Trump says he has no plans to replace Mike Pence on 2020 ticket

President Donald Trump has been asked a number of times if he is pleased with the performance and support he has received from Vice President Mike Pence as well as whether he intends to keep him in place during a potential second term in office, and the president has always been consistent in his response.

Despite repeatedly reaffirming his admiration and respect for the vice president, the question came up again on Sunday when the president spoke with reporters, and the president made it clear once more that Pence isn’t going anywhere.

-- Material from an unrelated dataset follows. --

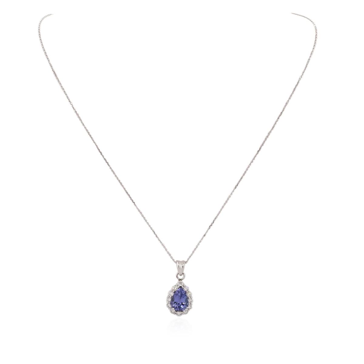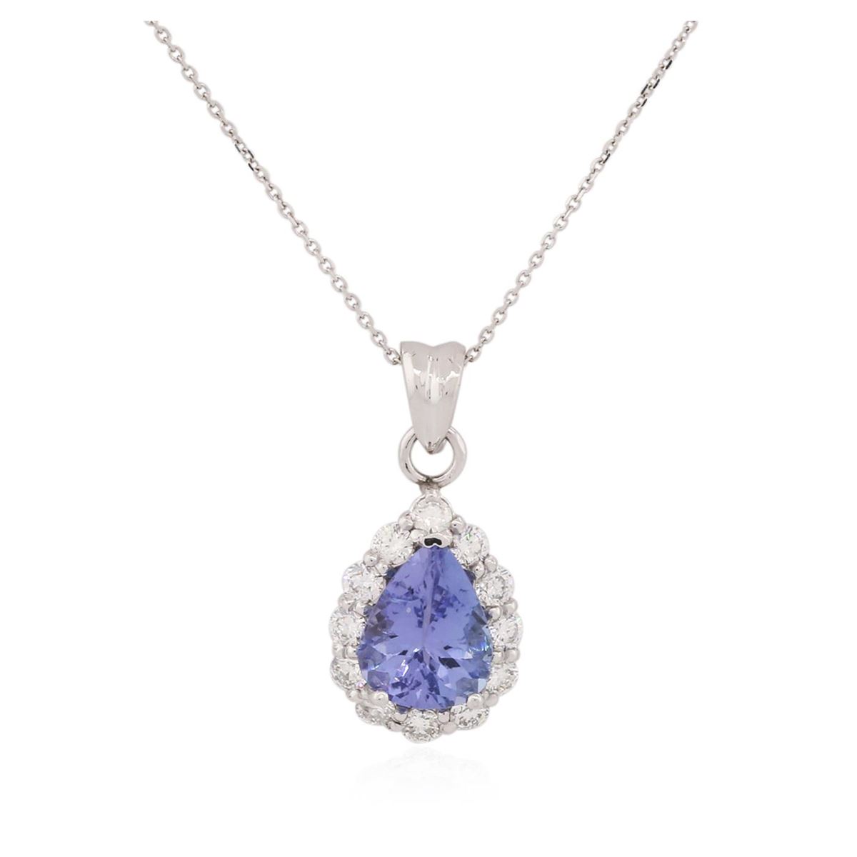 One electronically tested 14KT white gold ladies cast tanzanite and diamond pendant & chain 16.0" long, cable link with a spring ring clasp with a bright and brushed finish. Identified with markings of "14K". Condition is new. Containing: One prong set pear modified brilliant cut natural tanzanite, measuring 9.25 x 7.77 x 5.05mm, approximate weight of 2.43ct., clarity is eye clean, type I, medium, moderately strong, violet color, (GIA V 5/4), cut is good. Twelve prong set round brilliant cut diamonds, measuring 2.50 - 2.50 x 1.50mm (depth est.) approximate total weight of 12 Stones = 0.69ct. Clarity: SI-1 to SI-2. Color: I - J, Cut is Good. Colored gemstones are presumed to have been subjected to commonly used enhancement processes. All diamonds and colored gemstones are graded in the mounting, unless otherwise stated. Total Weight of Colored Stones 2.43ct. Total Weight of Diamonds 0.69ct. Total Weight of Pendant & Chain 3.80 grams. GGL Appraised at $3,590.00.

“I’m very happy with Mike Pence”

During a lengthy question and answer session with reporters at a New Jersey airport before returning to the White House on Sunday, President Trump was asked, among other things, about whether he was pleased with the current composition of his Cabinet, whether any former administration officials might return to the fold in the future, and whether he had considered making a change in his running mate for 2020.

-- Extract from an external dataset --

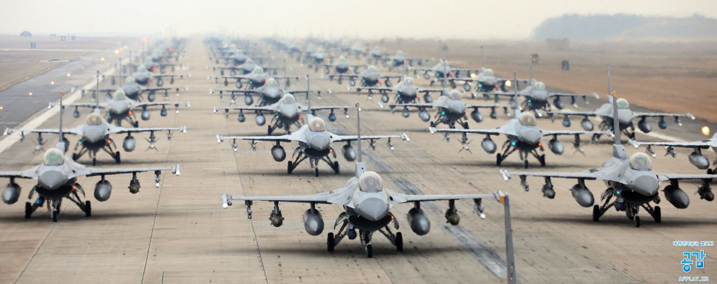F-16 Fighting Falcons from the 35th and 80th Fighter Squadrons of the 8th Fighter Wing, Kunsan Air Base, Republic of Korea; the 421st Expeditionary Fighter Squadron of the 388th FW at Hill Air Force Base, Utah; the 55th EFS from the 20th FW at Shaw AFB, S.C.; and from the 38th Fighter Group of the ROK Air Force, demonstrate an “Elephant Walk” as they taxi down a runway during an exercise at Kunsan Air Base, Republic of Korea, March 2, 2012. The exercise showcased Kunsan AB aircrews' capability to quickly and safely prepare an aircraft for a wartime mission.>>22

In response to an inquiry about a possible substitution on the ticket, Trump replied, “No, I’m very happy with Mike Pence.”

“I think Mike Pence has been an outstanding VP. I think that he’s been incredible in terms of the love that a lot of people — especially if you look at the Evangelicals and so many others — they really have a great respect for our Vice President. And so do I. And so do, I think, most people,” he continued.

“No, I wouldn’t — I wouldn’t be thinking about that. A lot of people — a lot of people, you know, amazingly, they bring different names up. And they brought a lot of different names up,” Trump added, though he declined to provide any of those alleged “names” that others have floated as potential vice presidential candidates.

Staying put

Nevertheless, he was asked about those names, and replied with a laugh: “And that’s — and that’s, by the way — at some point, I’ll let you know — but that’s, by the way, standard.

“You know, that’s standard. Everybody thought that President Obama was going to change Biden. They all thought that in the, you know, second term, he was going to change it. Everybody thought it. And he didn’t do that,” the president continued in reference to Obama’s 2012 re-election campaign.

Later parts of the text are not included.